ISSN : 1301-5680
e-ISSN : 2149-8156
Turkish Journal of Thoracic and Cardiovascular Surgery     
Sternal ayrışma nedeniyle yapılan tekrar sternotomi ameliyatlarında termoreaktif nitinol klipsler
Sabit Sarıkaya, Fuat Büyükbayrak, Özge Altaş, Onur Yerlikhan, Ali Fedakar, Murat Rabuş, Kaan Kırali
Department of Cardiovascular Surgery, Kartal Koşuyolu Heart Education and Research Hospital, İstanbul, Turkey
DOI : 10.5606/tgkdc.dergisi.2013.7603

Abstract

Background: This study aims to evaluate the effectiveness, reliability, advantages, disadvantages and the application technique of the thermoreactive nitinol clips (TRNC) used for sternal closure in patients with sternal dehiscence.

Methods: Between January 2010 and March 2012, we used TRNCs for sternal closure in 24 patients (13 males, 11 females; mean age 67±4 years; range, 53 to 79 years) with sternal dehiscence in Kartal Koşuyolu Yüksek İhtisas Training and Research Hospital, Cardiovascular Outpatient Clinic.
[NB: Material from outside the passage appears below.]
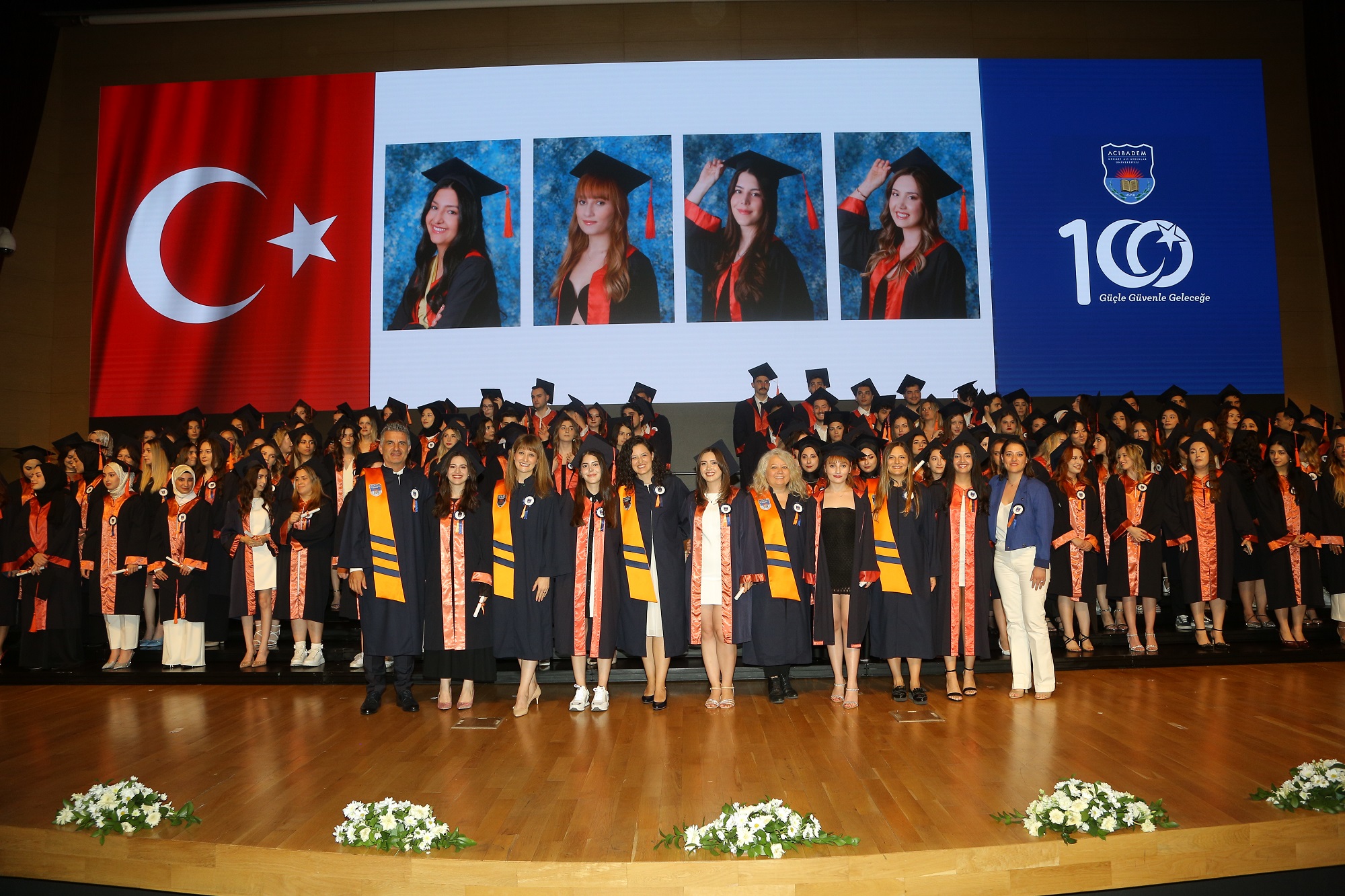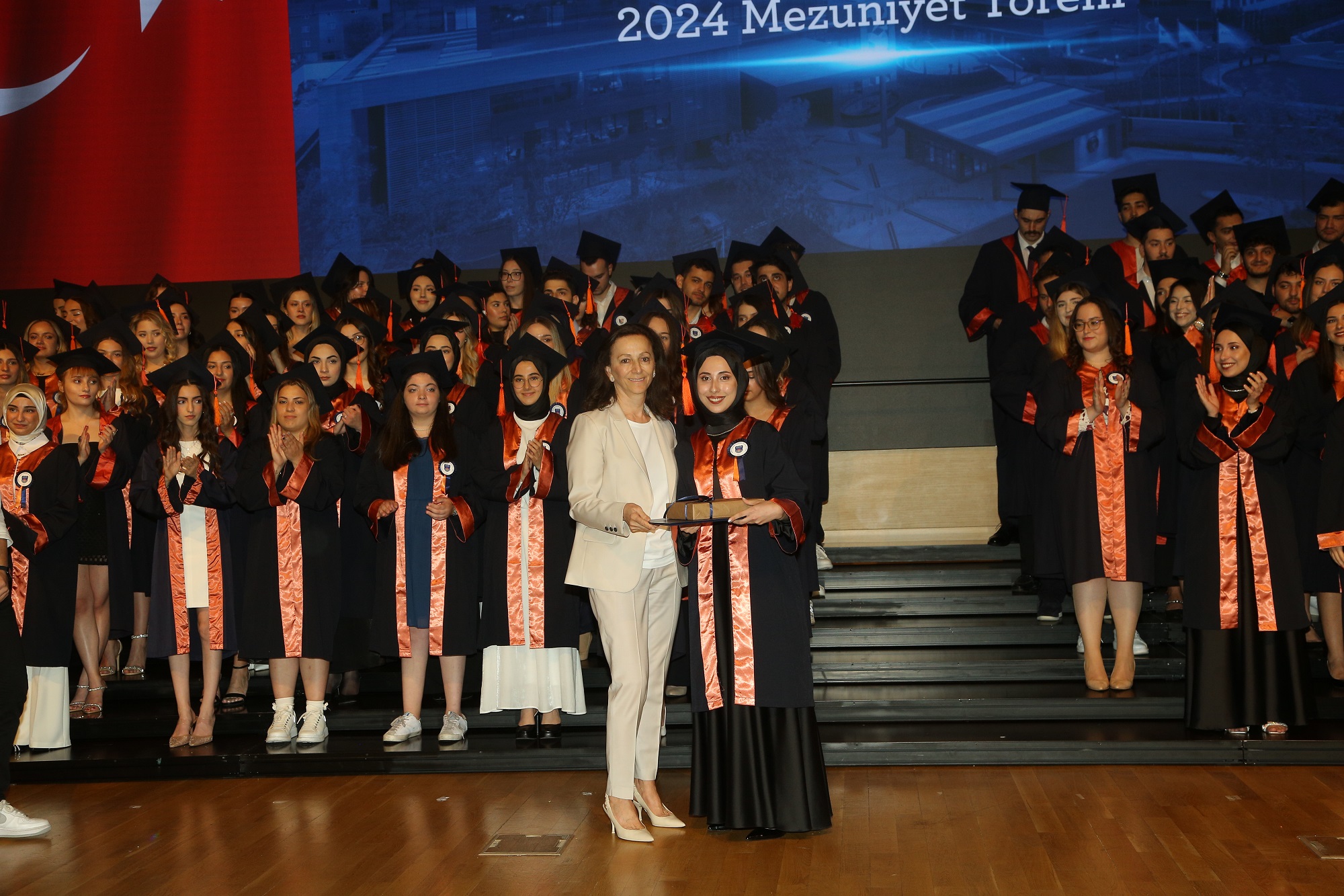 Begüm Türker received the Trustee’s Award for Outstanding Achievement, presented by Seher Aydınlar, President of the Kerem Aydınlar Foundation. The top-ranking students of each department - Begüm Turker from the Department of Physiotherapy and Rehabilitation, Ebru Isik from the Department of Nursing, Elif Gokce Kozanoglu from the Department of Nutrition and Dietetics, and Hayriye Daglar from the Department of Health Management - were awarded the Rector’s Achievement Certificates by our Rector, Prof. Ahmet Sahin. The second and third place students in each department received the Rector’s Achievement Certificates from our Vice-Rector, Prof. Guldal Suyen, our Dean, Prof. Murat Bas, and the department heads.

All patients with sternal dehiscence after primary cardiac surgery were identified before the hospital discharge. They underwent sternal revision on postoperative 12±3 days (range, 6 to 18 days). Substernal tissues were not dissected in 19 patients whose sternums had been closed with TRNC, while the rest of the patients underwent substernal tissue dissection due to the risk for deep sternal wound infection. Subsequently, high risk tissues with suspected infection were debrided and curated.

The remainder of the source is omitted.